### Brief
What is needed is an exact copy of the lines in the entries below from the one holding "Концепция праздника Международного" through the one holding "Миниатюрный прибор для", pictures excluded.

### Provided records
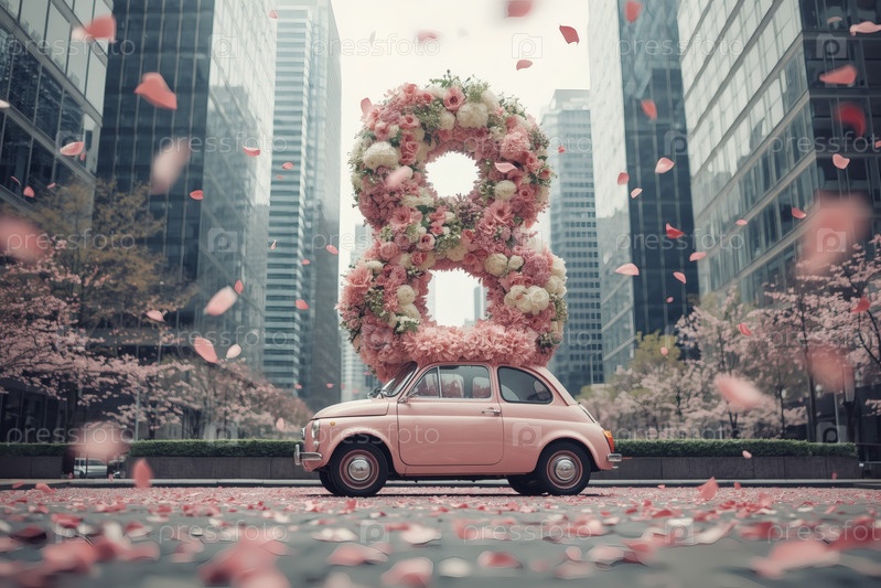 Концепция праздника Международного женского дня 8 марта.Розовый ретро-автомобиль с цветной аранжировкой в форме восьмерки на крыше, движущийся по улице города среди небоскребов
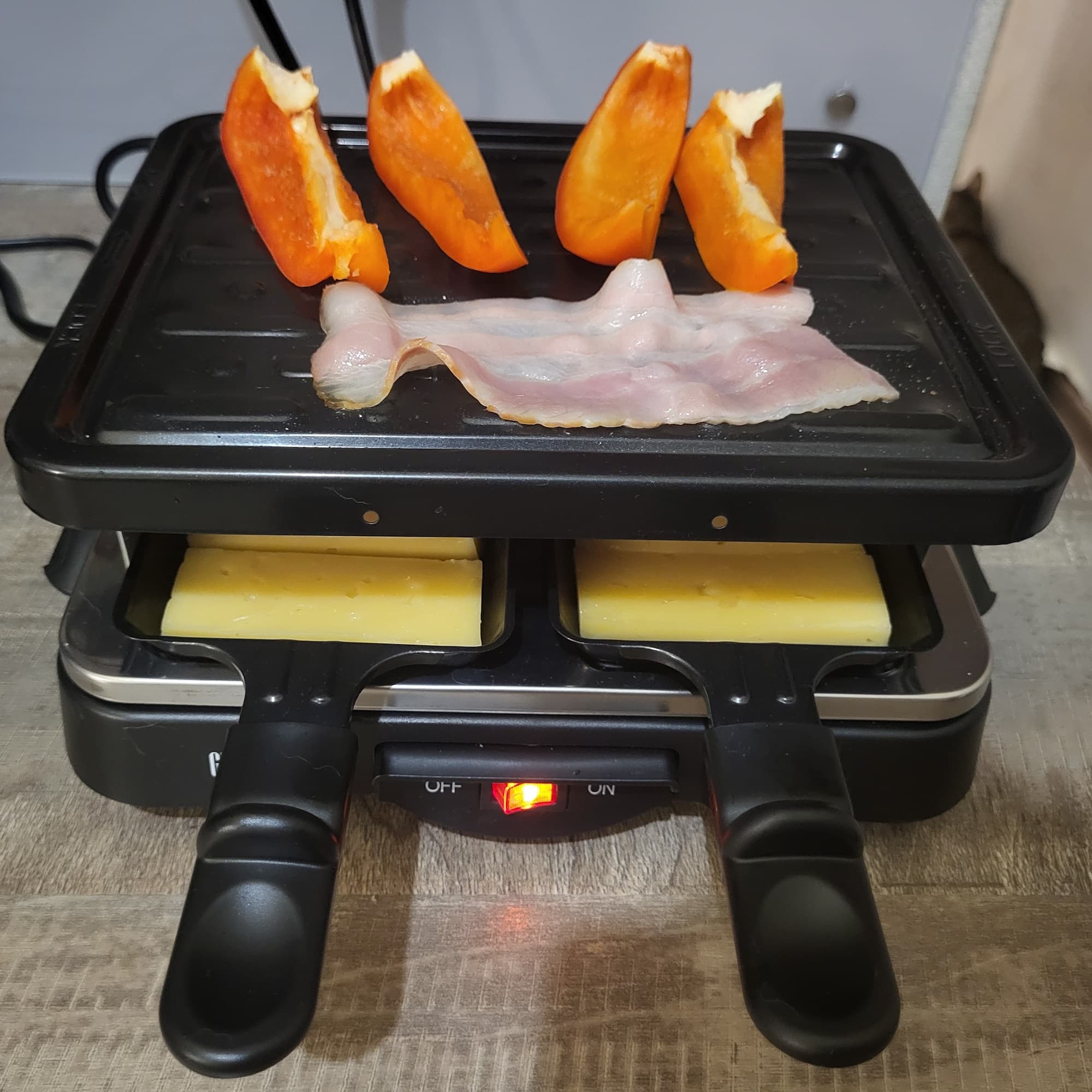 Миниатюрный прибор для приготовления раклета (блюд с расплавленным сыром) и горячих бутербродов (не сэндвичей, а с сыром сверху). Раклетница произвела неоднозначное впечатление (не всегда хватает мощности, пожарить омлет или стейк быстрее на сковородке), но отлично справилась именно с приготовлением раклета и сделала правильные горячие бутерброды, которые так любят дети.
...
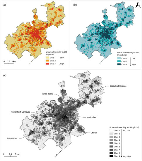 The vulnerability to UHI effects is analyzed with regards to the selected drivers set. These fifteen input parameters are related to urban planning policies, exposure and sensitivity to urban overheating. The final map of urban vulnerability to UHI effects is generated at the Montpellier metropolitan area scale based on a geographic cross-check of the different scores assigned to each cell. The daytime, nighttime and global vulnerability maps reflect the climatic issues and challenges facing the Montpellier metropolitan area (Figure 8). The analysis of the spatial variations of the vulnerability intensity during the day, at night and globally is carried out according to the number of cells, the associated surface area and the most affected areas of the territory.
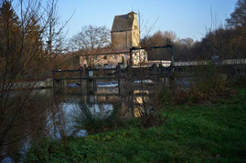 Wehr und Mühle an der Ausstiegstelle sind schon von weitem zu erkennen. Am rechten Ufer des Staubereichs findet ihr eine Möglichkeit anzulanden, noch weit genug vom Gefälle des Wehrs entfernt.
---
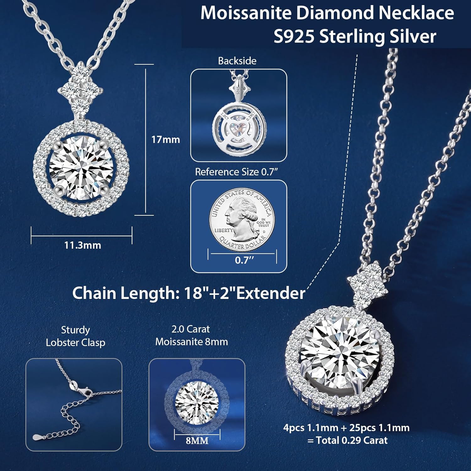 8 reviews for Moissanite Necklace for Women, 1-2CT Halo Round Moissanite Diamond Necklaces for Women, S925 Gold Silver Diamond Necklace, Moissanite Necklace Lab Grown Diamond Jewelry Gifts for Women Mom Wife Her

### Solution for this problem
 Концепция праздника Международного женского дня 8 марта.Розовый ретро-автомобиль с цветной аранжировкой в форме восьмерки на крыше, движущийся по улице города среди небоскребов
 Миниатюрный прибор для приготовления раклета (блюд с расплавленным сыром) и горячих бутербродов (не сэндвичей, а с сыром сверху). Раклетница произвела неоднозначное впечатление (не всегда хватает мощности, пожарить омлет или стейк быстрее на сковородке), но отлично справилась именно с приготовлением раклета и сделала правильные горячие бутерброды, которые так любят дети.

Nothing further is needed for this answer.